_EXERCISE DIRECTIONS_
From the data below, retype exactly the lines starting with the one that contains "Реализуемая программа обеспечивает" and ending with the one that contains "In an A5-sized", both included.

_INFORMATION_
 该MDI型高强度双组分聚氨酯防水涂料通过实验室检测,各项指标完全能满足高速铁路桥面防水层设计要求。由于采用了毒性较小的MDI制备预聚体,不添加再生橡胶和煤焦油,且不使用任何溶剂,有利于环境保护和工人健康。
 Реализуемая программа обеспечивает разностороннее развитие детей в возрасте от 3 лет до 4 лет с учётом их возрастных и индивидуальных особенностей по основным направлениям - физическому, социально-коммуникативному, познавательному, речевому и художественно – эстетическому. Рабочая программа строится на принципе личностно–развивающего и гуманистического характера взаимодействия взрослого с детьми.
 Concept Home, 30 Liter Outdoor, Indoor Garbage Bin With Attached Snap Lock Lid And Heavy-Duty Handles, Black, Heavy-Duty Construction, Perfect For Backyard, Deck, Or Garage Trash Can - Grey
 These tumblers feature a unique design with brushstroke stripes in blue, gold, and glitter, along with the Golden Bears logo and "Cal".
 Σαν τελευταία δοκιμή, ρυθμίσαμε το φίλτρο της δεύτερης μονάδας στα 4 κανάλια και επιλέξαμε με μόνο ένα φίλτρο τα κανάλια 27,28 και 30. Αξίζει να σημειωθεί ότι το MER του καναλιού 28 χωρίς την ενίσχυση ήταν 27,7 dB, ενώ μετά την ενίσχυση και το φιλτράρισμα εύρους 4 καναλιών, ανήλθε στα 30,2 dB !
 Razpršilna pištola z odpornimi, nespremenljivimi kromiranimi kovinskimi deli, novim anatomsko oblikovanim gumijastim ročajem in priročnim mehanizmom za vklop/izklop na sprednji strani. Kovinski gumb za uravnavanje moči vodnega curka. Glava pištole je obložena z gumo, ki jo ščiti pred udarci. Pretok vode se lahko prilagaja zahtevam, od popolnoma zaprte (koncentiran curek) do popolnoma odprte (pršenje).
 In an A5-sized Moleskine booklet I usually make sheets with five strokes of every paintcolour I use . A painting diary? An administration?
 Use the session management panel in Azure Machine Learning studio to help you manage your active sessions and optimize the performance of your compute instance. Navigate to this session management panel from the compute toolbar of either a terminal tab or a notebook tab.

_FINISHED TASK_
 Реализуемая программа обеспечивает разностороннее развитие детей в возрасте от 3 лет до 4 лет с учётом их возрастных и индивидуальных особенностей по основным направлениям - физическому, социально-коммуникативному, познавательному, речевому и художественно – эстетическому. Рабочая программа строится на принципе личностно–развивающего и гуманистического характера взаимодействия взрослого с детьми.
 Concept Home, 30 Liter Outdoor, Indoor Garbage Bin With Attached Snap Lock Lid And Heavy-Duty Handles, Black, Heavy-Duty Construction, Perfect For Backyard, Deck, Or Garage Trash Can - Grey
 These tumblers feature a unique design with brushstroke stripes in blue, gold, and glitter, along with the Golden Bears logo and "Cal".
 Σαν τελευταία δοκιμή, ρυθμίσαμε το φίλτρο της δεύτερης μονάδας στα 4 κανάλια και επιλέξαμε με μόνο ένα φίλτρο τα κανάλια 27,28 και 30. Αξίζει να σημειωθεί ότι το MER του καναλιού 28 χωρίς την ενίσχυση ήταν 27,7 dB, ενώ μετά την ενίσχυση και το φιλτράρισμα εύρους 4 καναλιών, ανήλθε στα 30,2 dB !
 Razpršilna pištola z odpornimi, nespremenljivimi kromiranimi kovinskimi deli, novim anatomsko oblikovanim gumijastim ročajem in priročnim mehanizmom za vklop/izklop na sprednji strani. Kovinski gumb za uravnavanje moči vodnega curka. Glava pištole je obložena z gumo, ki jo ščiti pred udarci. Pretok vode se lahko prilagaja zahtevam, od popolnoma zaprte (koncentiran curek) do popolnoma odprte (pršenje).
 In an A5-sized Moleskine booklet I usually make sheets with five strokes of every paintcolour I use . A painting diary? An administration?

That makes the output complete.